What is needed: Retype the material that follows exactly, limited to the lines from the one with "Yamaha TW200N1C (TW200" through the one with "Pikowana kamizelka z", and keep out all pictures.

Exercise input:
= Beginning of Section =

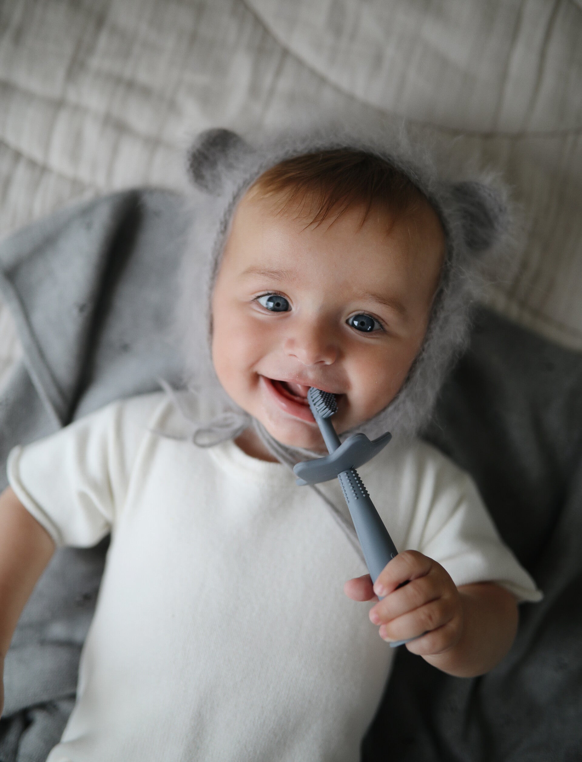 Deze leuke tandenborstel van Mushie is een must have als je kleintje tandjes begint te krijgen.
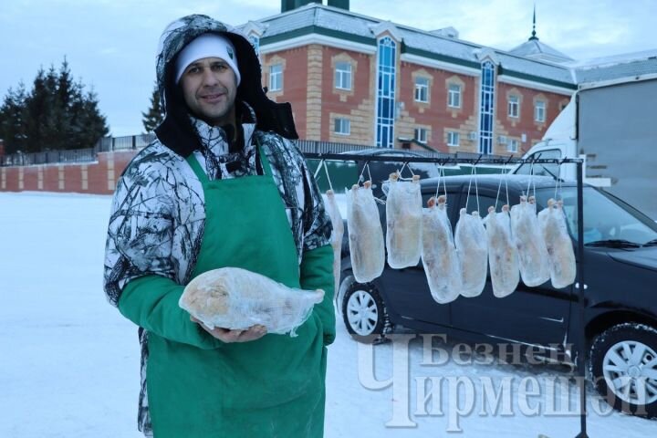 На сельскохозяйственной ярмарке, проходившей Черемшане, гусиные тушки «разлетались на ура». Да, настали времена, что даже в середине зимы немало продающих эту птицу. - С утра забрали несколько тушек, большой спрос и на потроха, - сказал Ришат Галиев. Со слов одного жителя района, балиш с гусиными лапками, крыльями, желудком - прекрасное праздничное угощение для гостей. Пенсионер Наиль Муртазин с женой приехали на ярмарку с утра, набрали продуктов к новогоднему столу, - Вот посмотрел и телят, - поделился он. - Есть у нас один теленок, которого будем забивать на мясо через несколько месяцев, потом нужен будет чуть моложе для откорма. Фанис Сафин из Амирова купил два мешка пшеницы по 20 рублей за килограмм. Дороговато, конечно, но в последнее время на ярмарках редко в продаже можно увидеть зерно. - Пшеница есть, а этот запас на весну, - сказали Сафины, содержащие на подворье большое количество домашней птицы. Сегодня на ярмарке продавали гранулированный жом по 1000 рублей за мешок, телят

= End of Section =
= Beginning of Section =

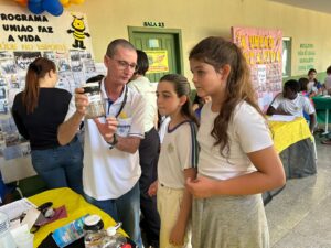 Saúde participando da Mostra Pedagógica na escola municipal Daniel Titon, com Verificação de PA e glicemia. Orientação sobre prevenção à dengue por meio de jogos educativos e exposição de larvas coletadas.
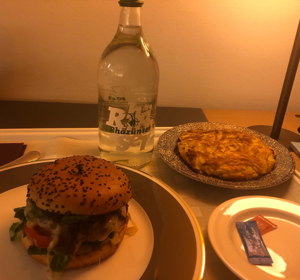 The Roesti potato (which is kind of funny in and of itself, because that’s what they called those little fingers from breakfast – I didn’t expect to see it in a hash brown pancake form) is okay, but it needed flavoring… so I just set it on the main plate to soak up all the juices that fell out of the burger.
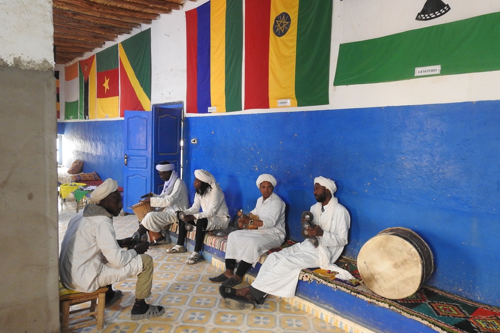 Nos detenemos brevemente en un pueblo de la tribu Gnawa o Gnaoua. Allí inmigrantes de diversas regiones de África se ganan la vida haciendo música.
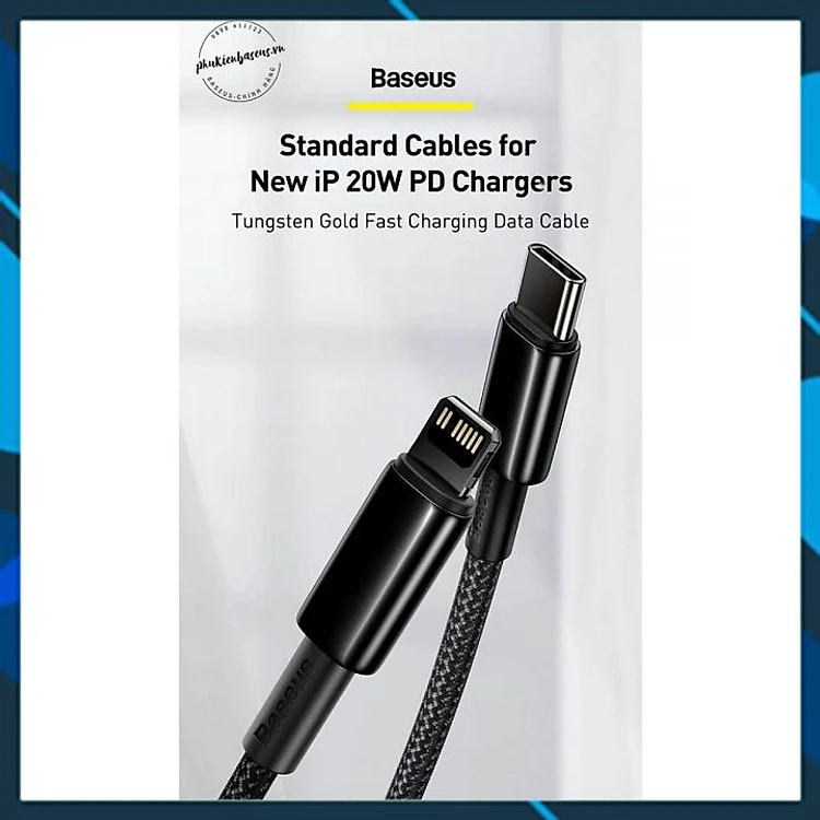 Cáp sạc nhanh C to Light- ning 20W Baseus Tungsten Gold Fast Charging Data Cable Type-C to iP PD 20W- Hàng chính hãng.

= End of Section =
= Beginning of Section =

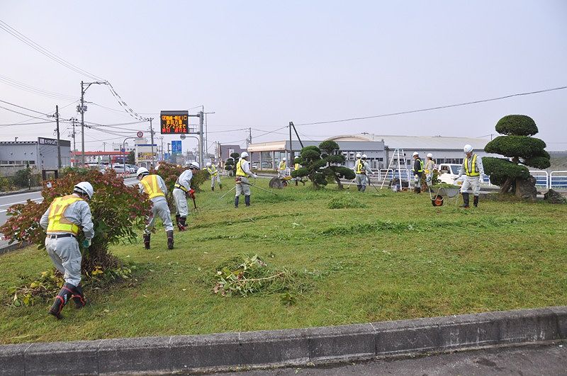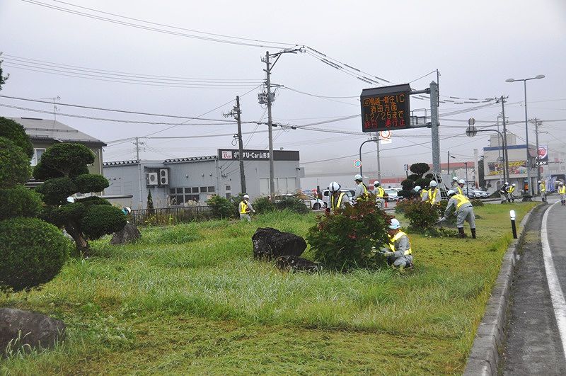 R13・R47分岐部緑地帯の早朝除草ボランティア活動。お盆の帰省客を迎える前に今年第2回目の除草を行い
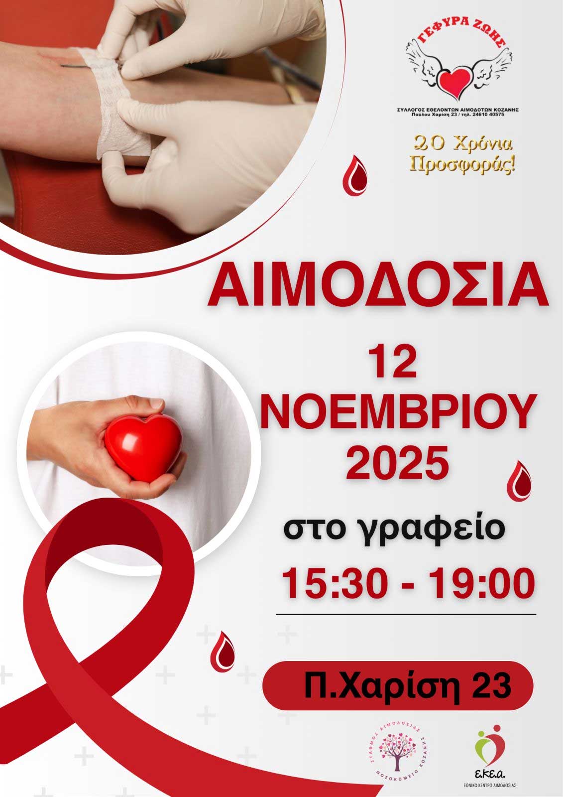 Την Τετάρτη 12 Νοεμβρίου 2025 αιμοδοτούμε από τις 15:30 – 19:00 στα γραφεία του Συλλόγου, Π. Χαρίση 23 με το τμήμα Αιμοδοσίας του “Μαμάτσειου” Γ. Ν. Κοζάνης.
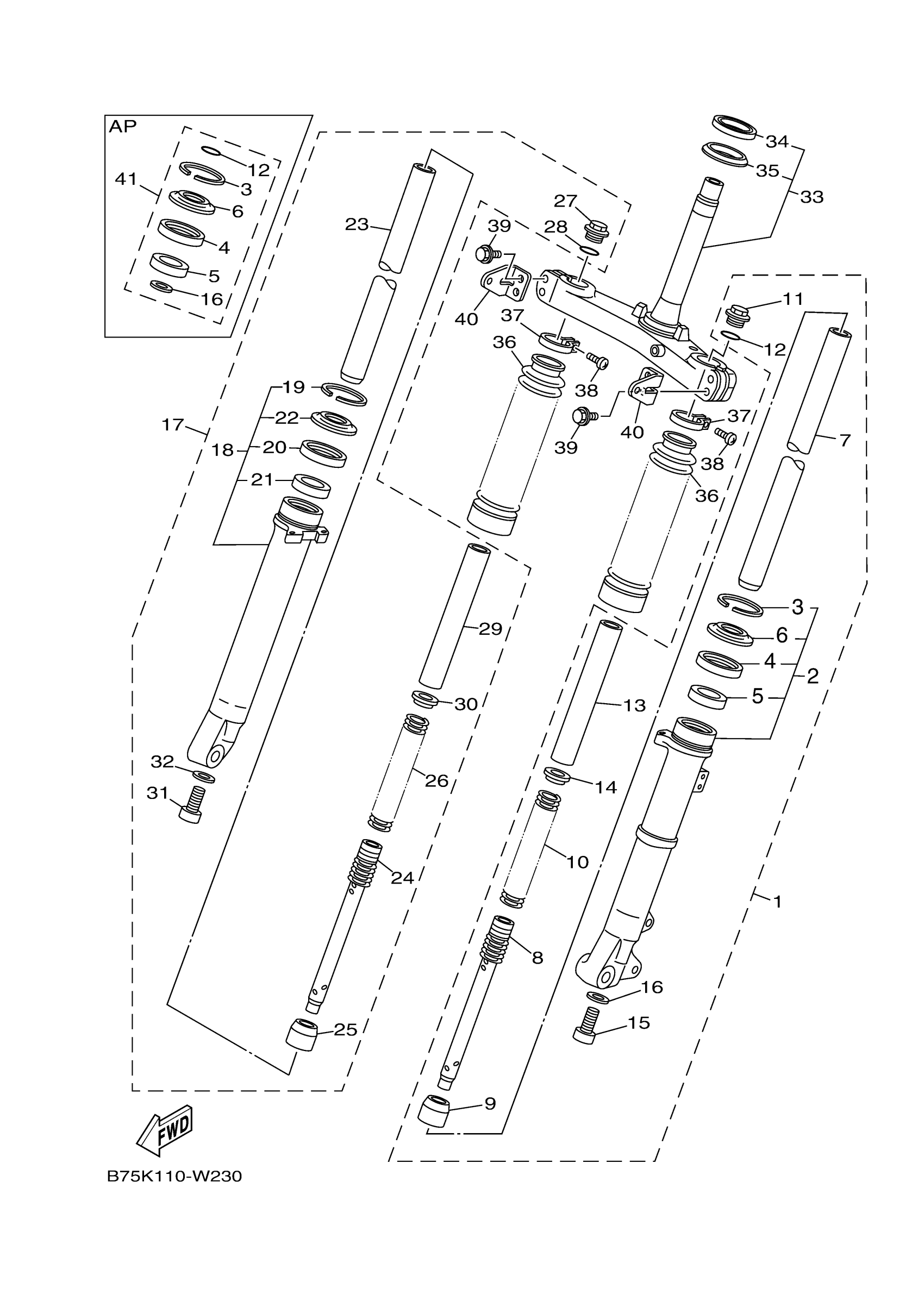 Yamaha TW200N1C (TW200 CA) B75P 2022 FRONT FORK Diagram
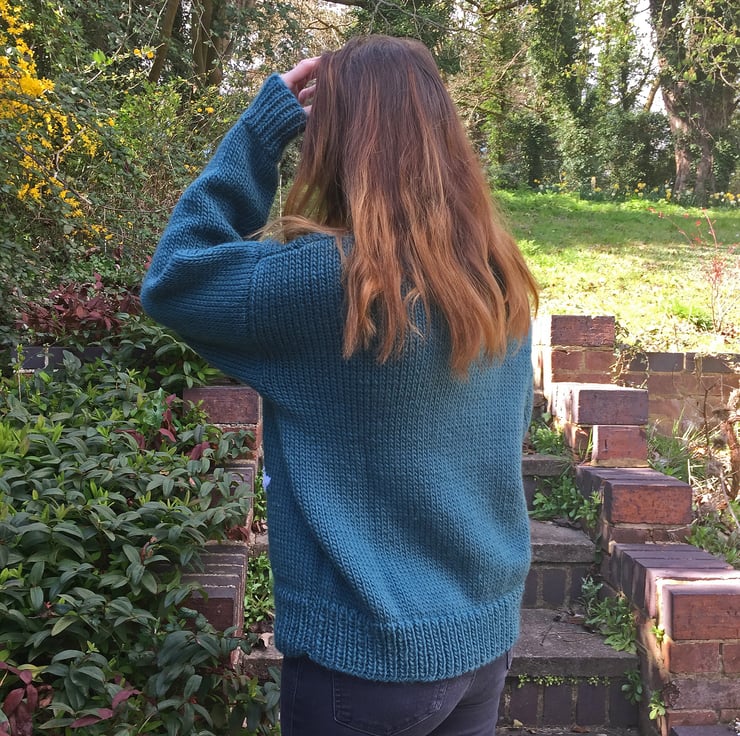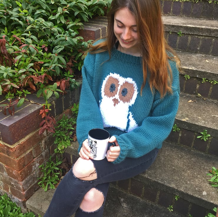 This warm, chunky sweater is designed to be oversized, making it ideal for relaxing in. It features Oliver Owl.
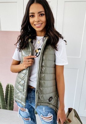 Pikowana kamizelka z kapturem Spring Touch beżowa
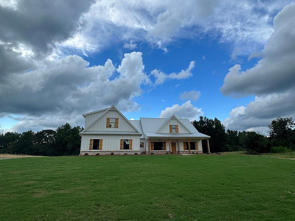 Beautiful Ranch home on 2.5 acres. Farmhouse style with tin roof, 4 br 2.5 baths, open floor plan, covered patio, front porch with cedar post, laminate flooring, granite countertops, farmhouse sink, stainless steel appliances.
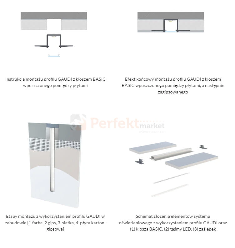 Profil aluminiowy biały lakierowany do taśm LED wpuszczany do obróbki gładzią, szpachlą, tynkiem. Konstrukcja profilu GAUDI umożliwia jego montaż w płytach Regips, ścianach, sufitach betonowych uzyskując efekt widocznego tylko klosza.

= End of Section =

Answer below:
 Yamaha TW200N1C (TW200 CA) B75P 2022 FRONT FORK Diagram
 This warm, chunky sweater is designed to be oversized, making it ideal for relaxing in. It features Oliver Owl.
 Pikowana kamizelka z kapturem Spring Touch beżowa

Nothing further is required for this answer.